Михаил с удивлением глянул на хозяйку, тоже по-праздничному одетую, спросил по-свойски:
– Ты ради чего это, Дуся, сегодня разошлась?
– Сына в этот день убили, – ответил за Евдокию Петр.
– А-а, – понимающе сказал Михаил. – Поминки по Феликсу.
Сели за стол. Евдокия сама налила в рюмки, одну рюмку поставила рядом с собой – для сына (так нынче в Пекашине поминают убитых на войне), первая выпила и сразу же в слезы:
– Ох, Фелька, Фелька… Не видал ты в жизни, не спознал радости. Что тебе пришлось перенести, вытерпеть, дак это ни одному святому не снилось…
– Ты не разливайся, а толком говори, раз заговорила, – сказал Михаил.
– Чего толком-то? Первый раз слышишь?
– Я-то не первый, да он первый. – Михаил кивнул на брата.
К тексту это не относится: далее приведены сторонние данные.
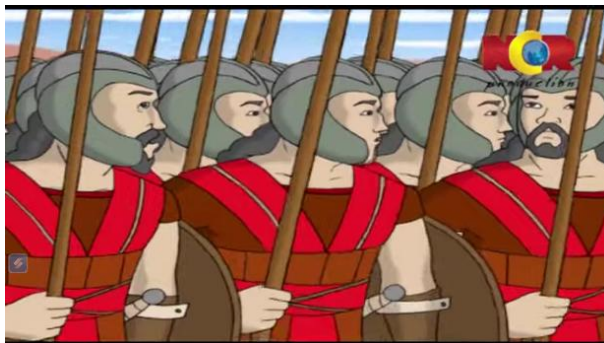
Gambar 3.10 Pasukan Bani Israil tergoda meminum Air Sungai

Berikut adalah adegan yang mengandung nilai pendidikan akhlak: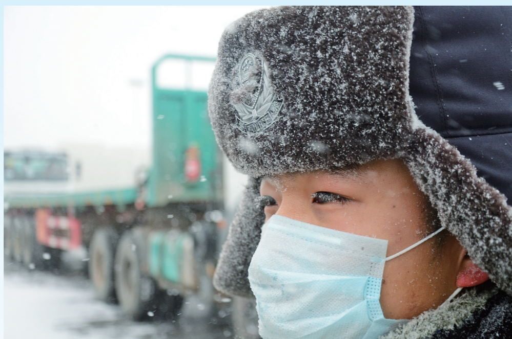
甘其毛都出入境边防检查站执勤民警在风雪中坚守抗疫一线确保口岸畅通。

– И он не в иностранном царстве родился. Слыхал, какие времена были. Я говорю: откажись, парень, от отца, пропадем оба (тогда ведь тем, кто от отца отказывался, послабленье давали). "Нет, мама, не откажусь. Ни за что не откажусь". И вот два года все как от чумы от нас шарахались. Кто с испугу-перепугу, кто от вони. Я ведь сортиры выгребала: для меня другой работы нету. Весь город обошла, во все конторы стучалась. Вечером-то домой прихожу, меня сын первым делом: "Мама, мойся. Я воды горячей нагрел". Говорю, вся сортирами пропахла, и он пропах – в школе никто за парту за одну не садится. А какой водой отмоешься? Ну нашелся добрый человек, подсказал: уезжайте вы, бога ради, отселева. Поехали. В Карелию. В самую распоследнюю дыру – может, там люди есть? Ну, тут зачалась война – ожили. Да, все кругом кричат, вся земля воем воет: война, война… а мне война, грех сказать, послабленье. Меня на работу взяли. В военную часть белье стирать. Ну я ломила, ох ломила! – Евдокия показала свои изуродованные, развороченные ревматизмом руки. – Это вот от стирки, коряги-то. По двадцать часов сряду в сырости стояла. Забыла, что на руках и кожа бывает. Да, два вклада вношу: за отца и за сына. Рада, что до работы допустили. Белье стирать – все не сортиры чистить. И Фелька рад-радешенек – на войну взяли. Да, раз приходит ко мне на работу днем, улыбается. Что ты, говорю, Фелька, с работы середь дня ушел – грузчиком на станции робил, – ведь тебя засудят. Забыл, что война у нас? "Не засудят. Я проститься пришел, мама. На фронт ухожу". Как на фронт? Семнадцати-то лет на фронт? "А я добровольцем, мама". Оказывается, он только и делал целый год, что заявленья в военкомат носил. Взяли. Разрешили помирать. "Мама, говорит, сын Калины Дунаева… – Евдокия заплакала, – мама, говорит (да, так слово в слово и сказал), сын Калины Дунаева завсегда, говорит, первым будет. Запомни это, мама, и всем другим скажи. Я, говорит, докажу, что у меня отец не враг…" Все верил в отца, все говорил – придет правда… Он, он сгубил парня! – вдруг истошно закричала Евдокия и вся затряслась в рыданиях.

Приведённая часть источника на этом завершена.